Climate & Environment
- The Paris Agreement entered into force on November 4, far faster than anticipated, after the United States and China jointly ratified the accord in September.
- Global carbon dioxide concentrations permanently surpassed 400 parts per million at the Mauna Loa observatory, a threshold not seen in millions of years of geological record.
- The Great Barrier Reef experienced its worst mass coral bleaching event on record, with aerial surveys revealing that 93% of reefs showed some bleaching.
- India ratified the Paris Agreement in October and committed to renewable energy expansion, targeting 175 GW of installed capacity by 2022.
- An international agreement signed in Kigali, Rwanda in October amended the Montreal Protocol to phase down hydrofluorocarbon refrigerants, potent greenhouse gases.
- Severe flooding in Louisiana in August caused an estimated $10 billion in damage, displacing tens of thousands of residents in what was described as the worst U.S. natural disaster since Hurricane Sandy.
- Wildfire activity in western Canada forced the evacuation of Fort McMurray, Alberta in May, with the fire destroying approximately 2,400 structures and causing an estimated $3.6 billion in insured losses.
- Ecuador was struck by a 7.8-magnitude earthquake in April, killing over 650 people and causing widespread damage along the Pacific coast.

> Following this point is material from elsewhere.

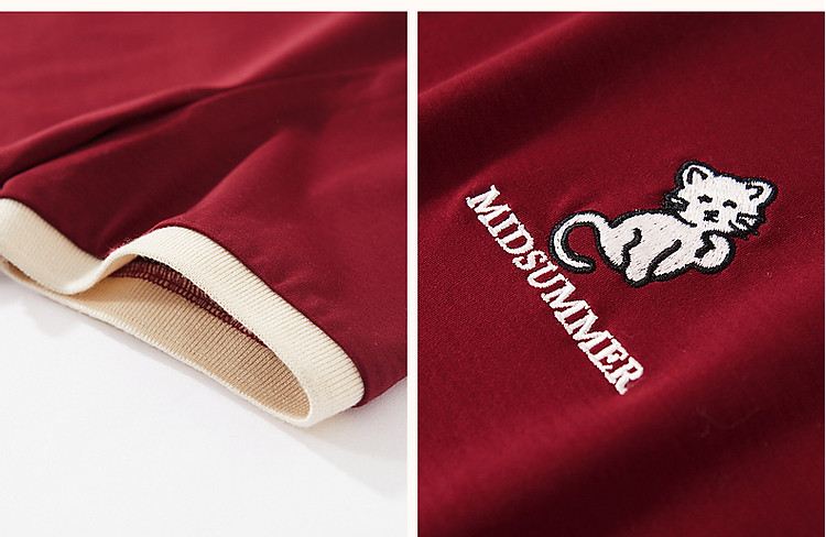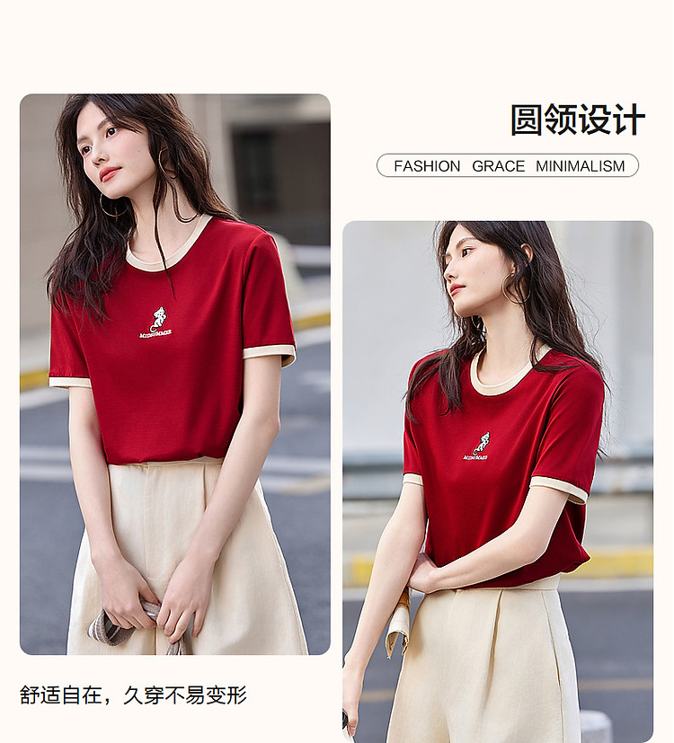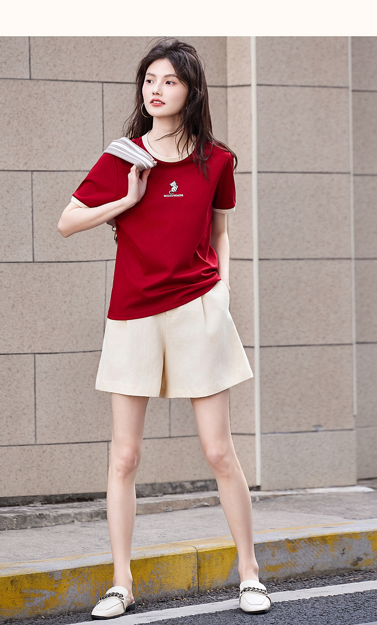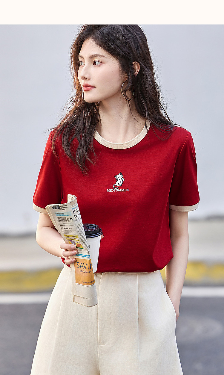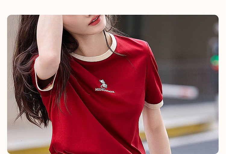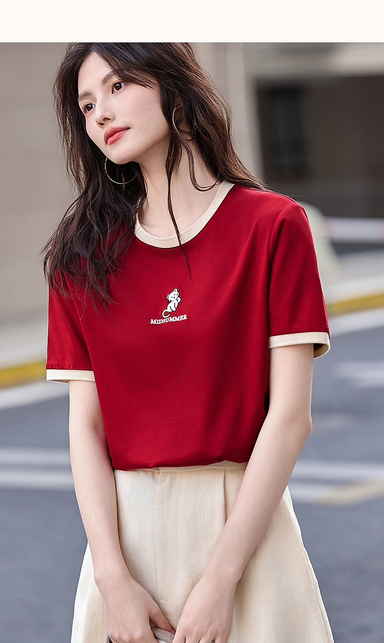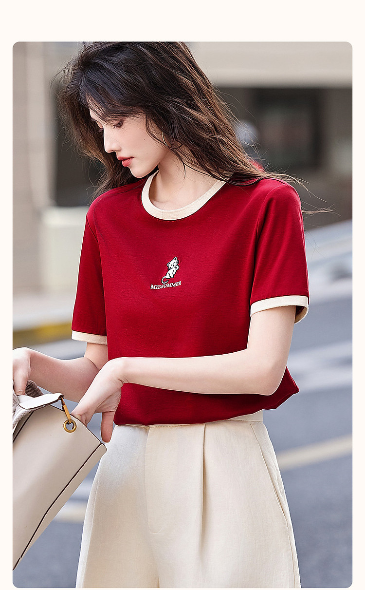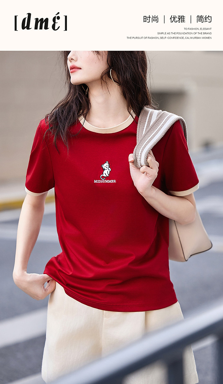 商品名称:【猫咪控可入】夏阳光棉可爱字母绣花短袖撞色罗纹女式t恤 184577

- Typhoon Meranti, the strongest tropical cyclone of the year globally, struck the Philippines, Taiwan, and southeastern China in September with sustained winds exceeding 300 kilometers per hour.
- Global investments in renewable energy declined slightly from 2015 levels but remained above $240 billion, with solar installations accounting for the largest share of new capacity.
Culture & Society
- The Rio de Janeiro Olympic Games took place in August amid concerns over Zika virus, incomplete venues, and water quality. Brazil won its first Olympic gold medal in men's football.
- Muhammad Ali, widely regarded as the greatest heavyweight boxer in history, died on June 3 at the age of 74.
- The musical Hamilton, created by Lin-Manuel Miranda, won 11 Tony Awards and became a defining cultural phenomenon, reshaping public engagement with American history.
- David Bowie died on January 10 at the age of 69, two days after releasing his final album Blackstar. Prince died on April 21 at the age of 57.
- The refugee crisis continued to dominate European politics, with over 1 million people seeking asylum in EU member states and contributing to the rise of anti-immigration political movements.
- Pokemon Go, an augmented reality mobile game, became a global phenomenon upon its July release, attracting an estimated 500 million downloads within two months.
- The Standing Rock Sioux Tribe led protests against the Dakota Access Pipeline near their reservation in North Dakota, drawing national attention to Indigenous water and land rights.
- The Black Lives Matter movement continued to grow following police shootings of Alton Sterling in Baton Rouge and Philando Castile in suburban Minneapolis in July.
- Bob Dylan was awarded the Nobel Prize in Literature, the first songwriter to receive the honor, generating debate over the boundaries of literary achievement.
- Fidel Castro, leader of the Cuban Revolution and president of Cuba for nearly five decades, died on November 25 at the age of 90.